» **ASSIGNMENT**
All lines from the opening of the material up to and including the line with "Provide arrival time" should be transcribed exactly, pictures excepted.
········
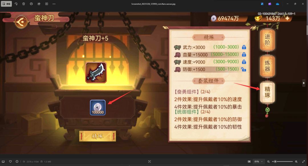 2、先炼器1次,看出了几个勇,比如出了2个勇,其中1个勇对应属性是武力,1个勇对应属性是策略,这时在炼器界面,把对应武力那个勇用炼器锁定符锁上,然后去精琢界面
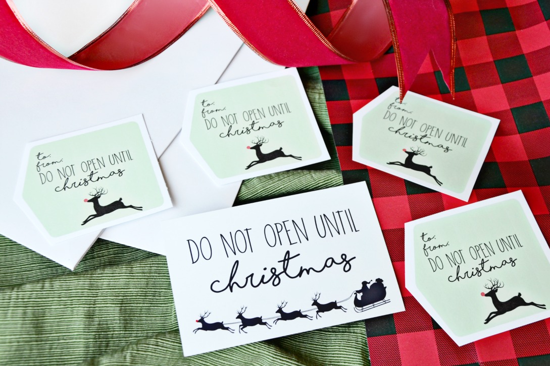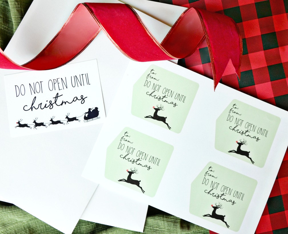 Both printables are easy to print from your home printer. Print the Do not open until Christmas gift tag printable on letter size cardstock then cut out each tag. Print the Do not open until Christmas package label printable on 4″x6″ photo paper.
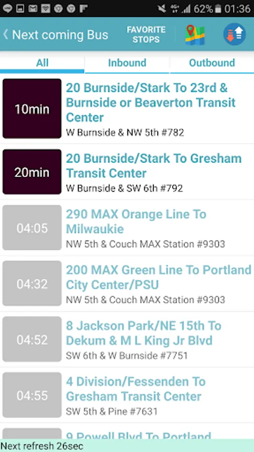 Provide arrival time predictions for Portland bus.
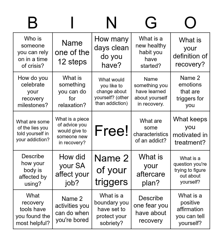 Recovery Bingo | Recovery Bingo! | Recovery Bingo! | Recovery Bingo! | Recovery Bingo!
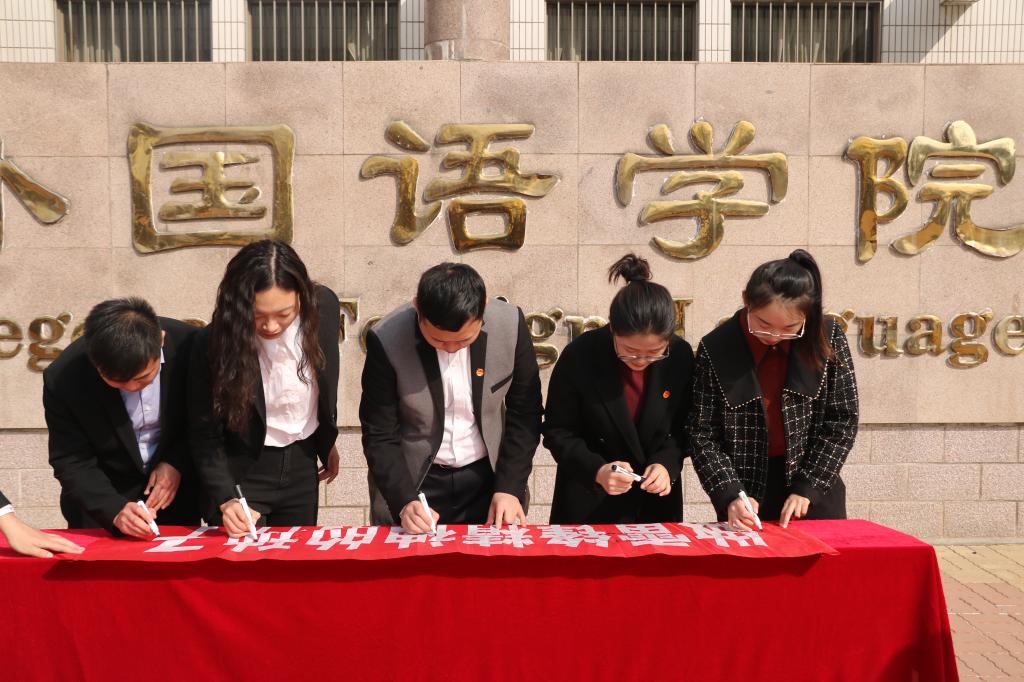 启动仪式上,张晓指出:“今年是毛泽东等老一辈革命家为雷锋同志题词60周年,今天是第24个中国青年志愿者服务日。”值此特殊且重要的时刻,她号召同学们时刻牢记习近平总书记的重要指示,把握雷锋精神的时代内涵,内化于心,外化于行,让爱心不断接力,让文明薪火相传。同时她指出,下一步,学院将以“雷锋月”系列活动为抓手,引领同学们在志愿服务中团结协作、热情服务。之后,学生代表李燕妮发言,她深刻阐述雷锋精神对大学生自身素质塑造的重要性并宣读倡议书,希望同学们认真学习雷锋精神,积极踊跃参与“雷锋月”系列活动,把践行雷锋精神落实落细落小。最后,全体与会成员庄严宣誓,在“做雷锋精神的种子”的横幅上签字并合照留念。
········
» **SOLUTION FOR THIS EXERCISE**
 2、先炼器1次,看出了几个勇,比如出了2个勇,其中1个勇对应属性是武力,1个勇对应属性是策略,这时在炼器界面,把对应武力那个勇用炼器锁定符锁上,然后去精琢界面
 Both printables are easy to print from your home printer. Print the Do not open until Christmas gift tag printable on letter size cardstock then cut out each tag. Print the Do not open until Christmas package label printable on 4″x6″ photo paper.
 Provide arrival time predictions for Portland bus.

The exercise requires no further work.